What Are the Different Business Valuation Methods?
The more than 33 million American small businesses stand as a testament to the entrepreneurial spirit in the national character. This spirit is often seen most clearly in urban areas. With higher population concentration, you get more people looking to start businesses.
Yet, even die-hard entrepreneurs eventually reach a point where they want to do something other than running the businesses they started. With 60-hour weeks a norm for many business owners, it’s hard to blame them.
If you sell, you’ll need a business valuation. Let’s look at some of the common business valuation methods.
Business Valuation Uses
The most obvious reason that someone gets a business valuation is for the purpose of getting a target price range for when they sell the business. That is not, however, the only reason for getting a valuation. Other common reasons include:
- Tax purposes
- Divorces
- Mergers
A business owner might even want one as a sanity check before they take out a major loan.
Business Valuation Basic Procedure
Before agreeing to a valuation, it’s helpful if you understand the function of and procedure for a business valuation. The main function of valuations are for the seller or a buyer to get at least a semi-objective sense of the raw value of a given business.
The procedure for a valuation is relatively straightforward. It has five general steps.
1. Scope Determination
The scope determination step is mostly about getting clear on what exactly the valuation company is there to set a value for. For example, are they doing a valuation for the whole business, a subsidiary, or something else?
As a general rule, this also involves assigning a value date. Since values can change over time, the company must pin the value to a specific time in the past.
2. Producing Documents
The next major step in the process is for the business to produce all the relevant documents. The valuation service will provide specifics about what documents it requires, although those may vary based on the types of business involved.
3. Analysis
The valuation service will then conduct an initial analysis using one of the common valuation methods. See below for more about methods.
4. Management Discussion
Following the initial analysis, the valuation service may request a follow-up discussion with management. These discussions usually seek additional clarification or information that the service couldn’t glean from the documentation.
5. Final Report
Following the management discussion, if it happens at all, the valuation service will then issue a final report. This report will contain the business’s value based on the service’s analysis.

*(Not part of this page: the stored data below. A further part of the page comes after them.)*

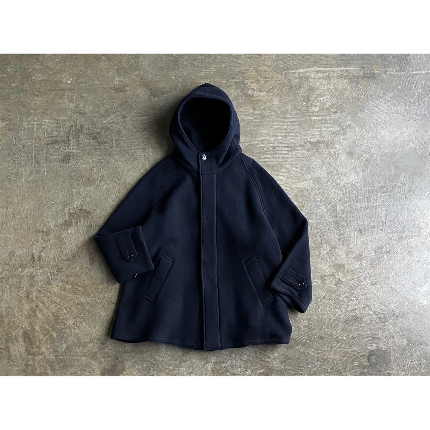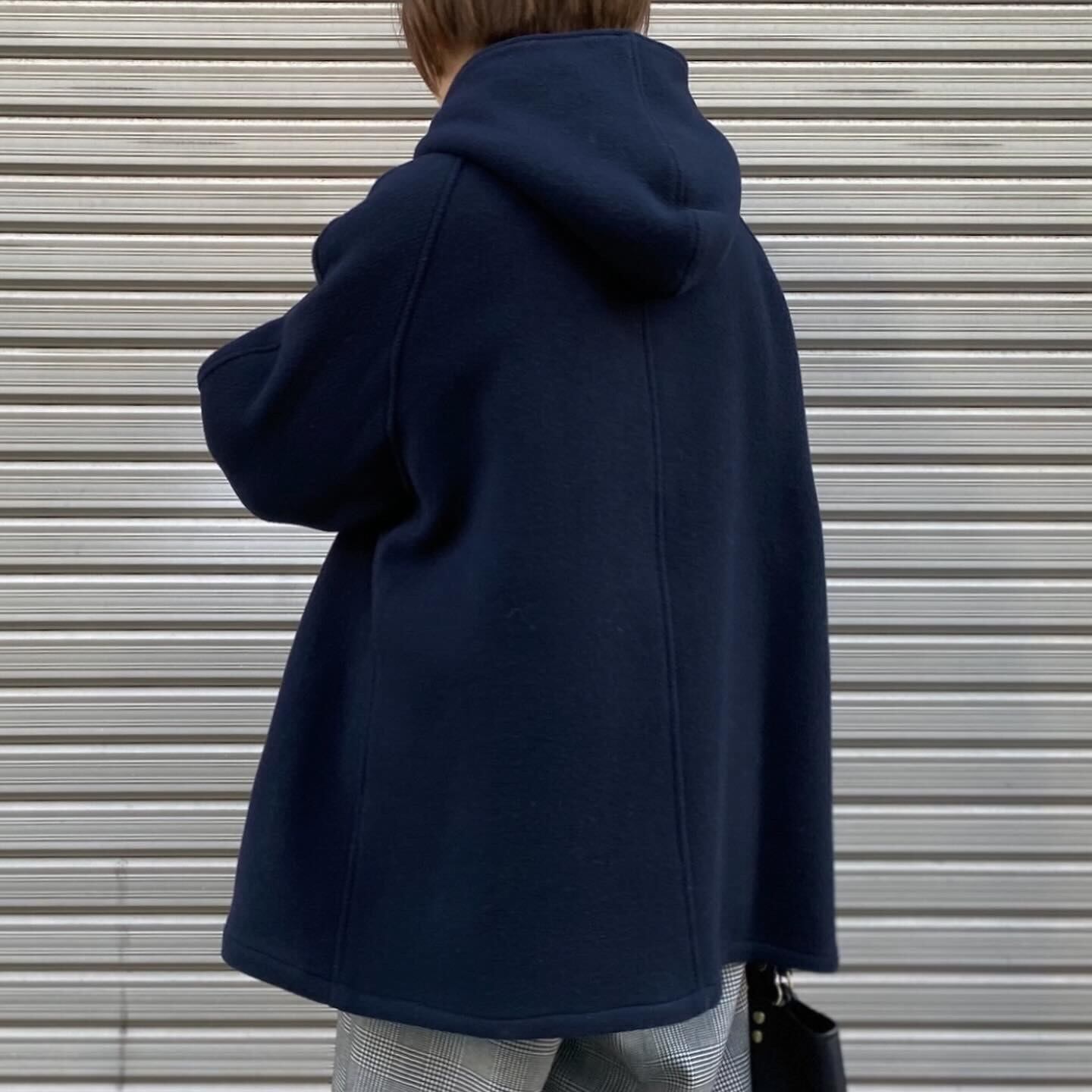 腰回りが隠れるくらいの着丈のショートコートは、落ち感のある綺麗なAラインシルエットで、ボリュームのあるフードが目を引きます。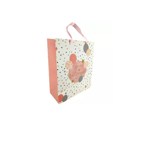 1 kép Ajándéktasak - kicsi (boldog szülinapot, fehér - rózsaszín kör és lufik)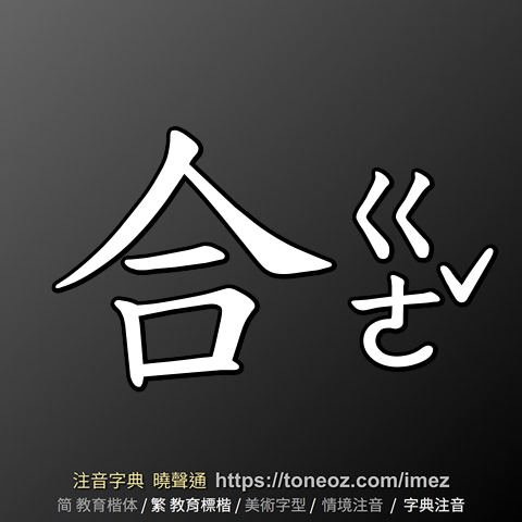 辭典解釋為:合,1.將離散的部分聚集在一起。與「分」相對。例:集合、聚合 2.關閉。例:合眼、合不上嘴 3.全部、整個。例:合家平安、合鄉稱頌 4.相符、不違背。例:合法、合身、合意 5.折算。例:五臺斤合三公斤。 6.應該、應當。例:合該 7.交配、交媾。例:交合、媾合 8.共同、一起。例:合抱、合力、合唱 9.和諧、融洽。例:百年好合 10. 配偶。例:天作之合...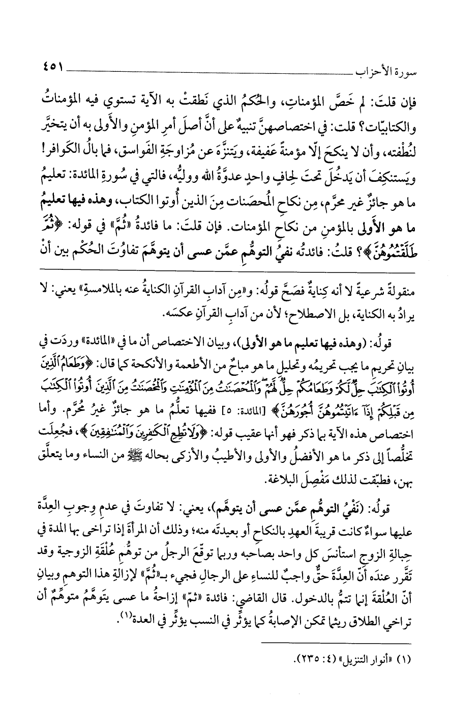 قولُه: (وهذه فيها تعليم ما هو الأولى)، وبيان الاختصاص أن ما في ((المائدة)) وردَت في بيانِ تحريمِ ما يجب تحريمُه وتحليلِ ما هو مباحٌ من الأطعمة والأنكحة كما قال: {وَطَعَامُ الَّذِينَ أُوتُوا الْكِتَابَ حِلٌّ لَّكُمْ وَطَعَامُكُمْ حِلٌّ لَّهُمْ وَالْمُحْصَنَاتُ مِنَ الْمُؤْمِنَاتِ وَالْمُحْصَنَاتُ مِنَ الَّذِينَ أُوتُوا الْكِتَابَ مِن قَبْلِكُمْ إِذَا آتَيْتُمُوهُنَّ أُجُورَهُنَّ} [المائدة: 5] ففيها تعلُّمُ ما هو جائزٌ غيرُ مُحرَّم. وأما اختصاص هذه الآية بما ذكر فهو أنها عقيب قوله: {وَلَا تُطِعِ الْكَافِرِينَ وَالْمُنَافِقِينَ}، فجُعِلَت تخلُّصًا إلى ذكر ما هو الأفضلُ والأولى والأطيبُ والأزكى بحاله صلى الله عليه وسلم من النساء وما يتعلَّق بهن، فطبّقت لذلك مَفْصِلَ البلاغة.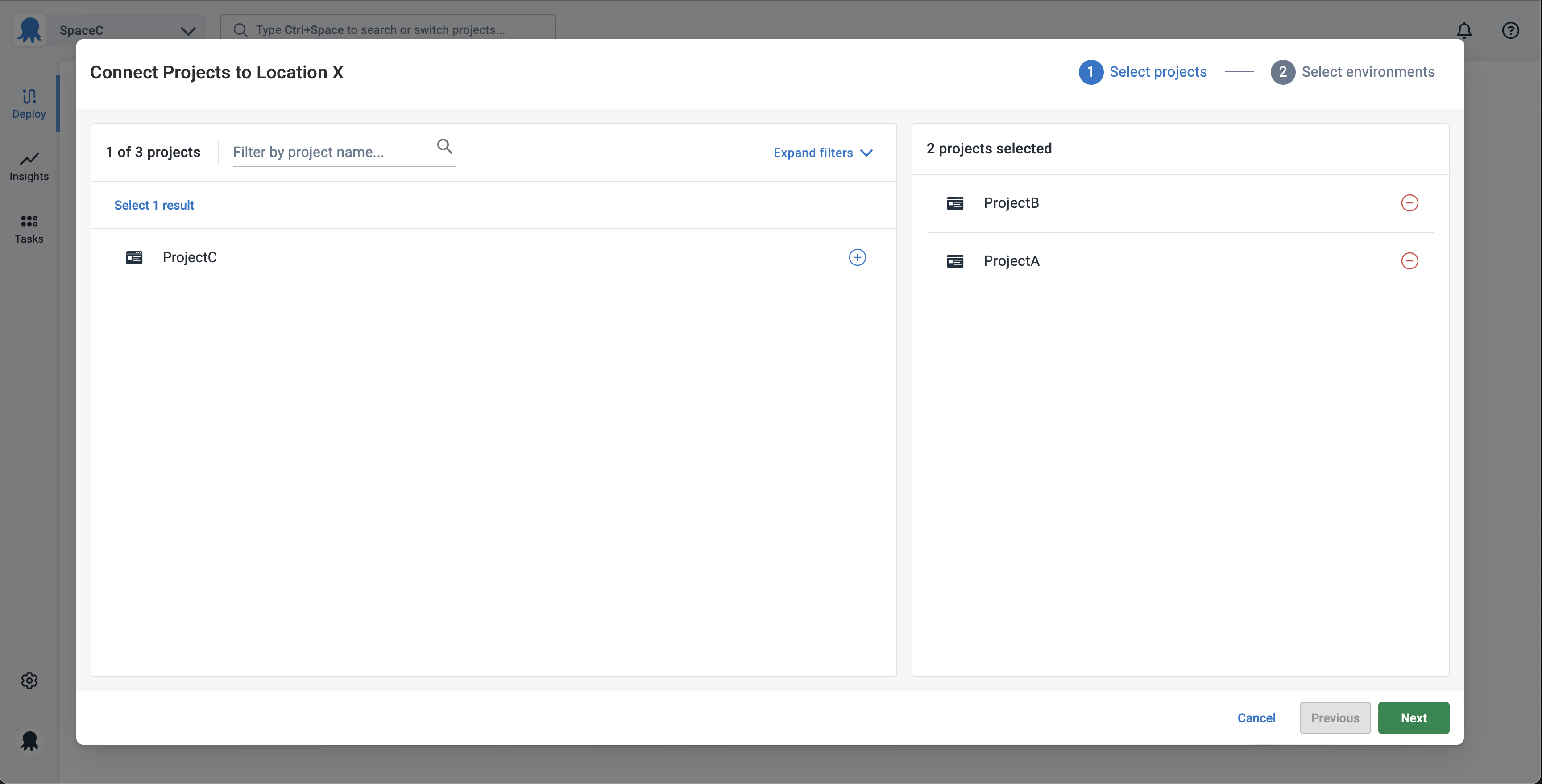 Choose the projects you want to connect to your tenant, by clicking any project in the left-hand panel of the wizard. Click the - button of a project in the right-hand panel to deselect that project.

The speed of this process can vary tremendously based on factors like business size, industry, and exactly how complex your business finances are at the time of the valuation.
Now, let’s look at some specific valuation methods.
Book Value
If there is a quick and dirty version of business valuation methods, the book value method is it. This approach starts by looking at all of the assets that are on your business balance sheet. Then they add up the total value of those assets.
Next, they look at all the liabilities on your balance sheets. Then, big shocker, they add up the total value of those.
Finally, they subtract the sum of the liabilities from the total asset value. Whatever is left is the business’s value.
Given the ease of manipulating asset and liability numbers on a balance sheet, this method isn’t a particularly reliable one. It’s best used as a ballpark figure.
Liquidation Value
The liquidation value method shares some features with book value method, in that both deal with assets and liabilities. The liquidation valuation makes a calculation about what would remain if you sell off all of the business assets and settle up for all of the liabilities. The business value is whatever is left over.
Discounted Cash Flow
The discounted cash flow method is often viewed as one of the better valuation approaches. This approach essentially attempts to project future earnings from a business.
If that sounds like a complicated problem, it is. The valuation company must make a substantial number of informed assumptions about everything from the business itself to economic conditions, social conditions, and even what will happen with the environment.
Given these assumptions and weighing the risks involved with a given industry or a particular kind of business, the valuation service will apply a discount rate to these future earnings. Those calculations, including the discount, let them estimate the current value of the business.
Market Value
The market value method typically takes one of two main forms. In the more basic form, the valuation company finds the stock price at a given time, such as the most recent tax day, and multiplies that price by the total stock shares for the business.
The more complicated market approach seeks to find the business’s relative value. This typically involves an in-depth comparison with a similar business or company. For example, they’d look for a company in the same industry, of about the same size, and ideally providing a very similar set of products or services.
It’s important to understand that all of these approaches have limitations.
Tips
You should discuss the pros and cons of the approach your valuation service will take before you agree. In fact, it’s generally for the best if you get at least two or, even better, three valuations using different valuation methods. If multiple valuations all put the value of your business in the same general area, it’s probably a reasonable price to ask.
Business Valuation Methods and You
When you do finally decide that it’s time to hand up your current entrepreneur’s hat and sell, you need a starting point for your asking price. The business valuation methods above can provide you with that starting point.
Just remember that these valuation methods are, by nature, imperfect. They’re often constrained either by time or by unavoidable assumptions of future conditions.